The government of Iranian President Mahmoud Ahmadinejad, backed by the 12 member Guardian Council, has declared itself the winner in the recent elections in their country. The protests of thousands of opposition voters, along with the relatively mild violence they have employed in trying to draw attention to their cause, has become a concern to the West. The protesters feel the election was rigged.

Consequently, the Ahmedinejad ruling party has reacted in a way that a dictatorship generally does, shutting down protest sites on the Internet, closing the offices of foreign journalists covering the activity, and even detaining overnight some of the top aides from opponent Mir Hossein Mousavi's campaign. Even Mousavi's newspaper was interestingly unavailable Sunday; there are certainly in place all the earmarks of an autocracy unwilling to hand over power.

It won't happen easily. For starters, the Guardian Council apparently holds the real power in Tehran, witnessed by the recent action on the part of Mousavi himself to try and convince it to overturn the election results. Beyond the Council itself is the man with the most real authority in Iran, the Muslim cleric and Supreme Leader Ayatollah Ali Khamenei, who has endorsed the results. A conservative Islamic religious leader is not, in my humble opinion, a likely candidate to overturn on appeal an outcome he surely wanted.

So, what to do? Watch and wait, basically. We do not want or need another unstable nation in the Middle East. On that point alone I do not see President Barack Obama acting quickly, and to be fair, why should he? If Iran is to fall internally anything he might say or do to encourage it could be seen as threatening to the rest of the Arab world, and I don't see him wanting to risk that after his recent speech in Cairo.
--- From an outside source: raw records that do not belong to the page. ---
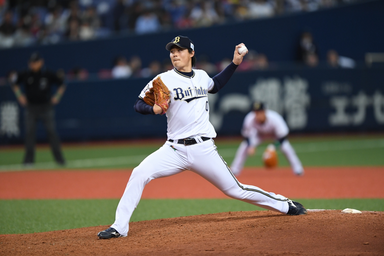 投手 東浜 4番 吉田正 空三振 外角低めのシンカーを空振り三振 1アウト |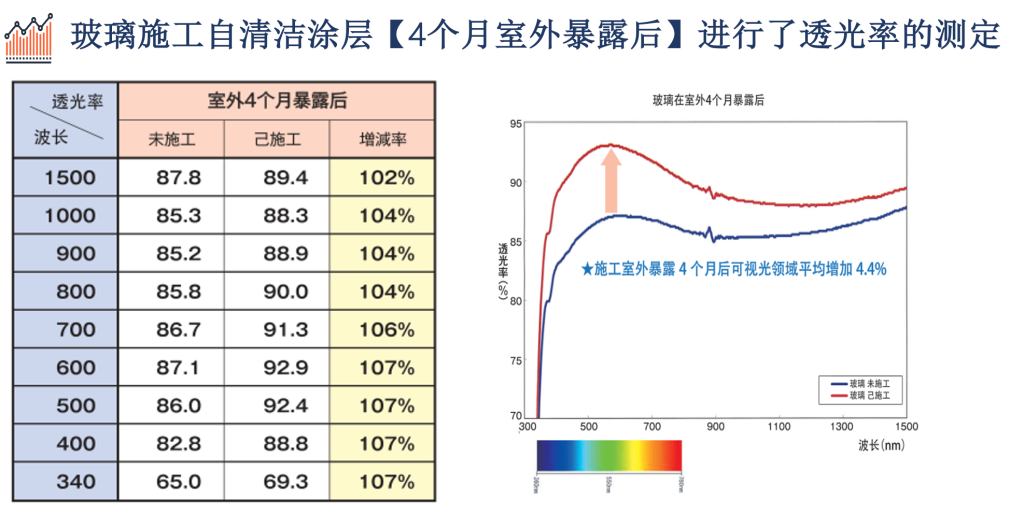 施涂自清潔涂層后,涂層增透光功效和自清潔功效可使設備增加約3%以上的發(fā)電量,提高業(yè)主方效益。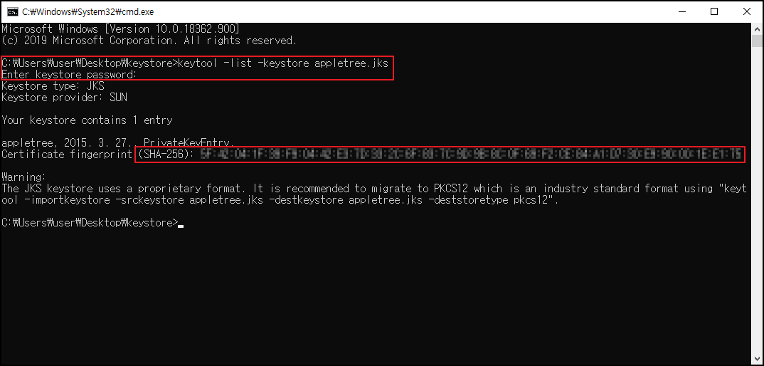 2. keytool -list -keystore 파일명.jks 를 입력합니다. 패스워드는 인증서 비밀번호를 입력하시면 됩니다.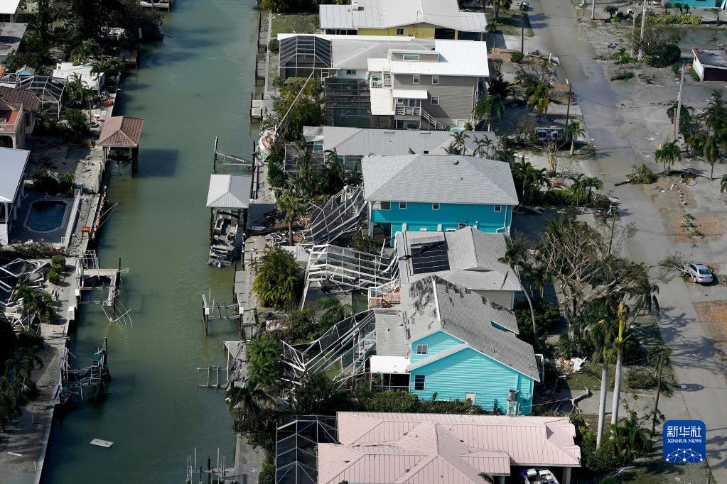 9月30日,在美國佛羅里達州西南沿海的邁爾斯堡,颶風“伊恩”給當?shù)胤课?、道路等設(shè)施帶來不同程度破壞。新華社發(fā)(羅蘭多·洛佩斯攝)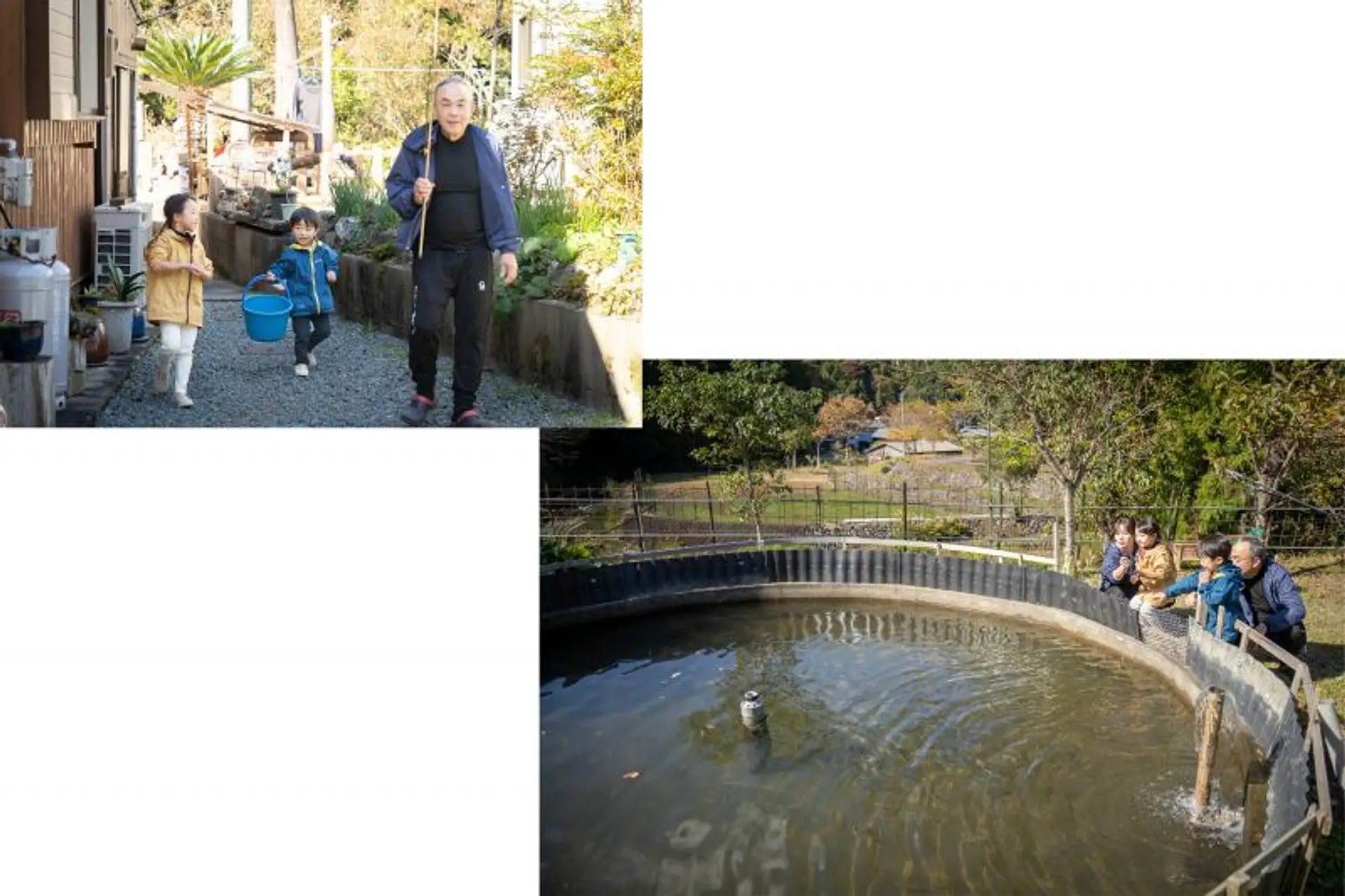 続いて、あまご釣りを体験するために庭の釣り堀へ移動!

After the bad old days of aggressive Bush foreign policy, he wants nothing more than goodwill.

The problem is, does Ahmedinejad or Khamenei or the Guardian Council? And that is exactly why Obama's little fatherly talk in Egypt will fall on deaf ears in certain quarters no matter what. Some folks just aren't interested in playing fair no matter how much you cajole and plead.

Finally, to the question of whether Ahmedinejad really won in Iran, I have to say that we will likely never know. That fact itself tells us all we need to know about the leadership of that Persian Gulf nation. When your power is consolidated by closing offices and detaining supposedly free people, perhaps we already know the answer.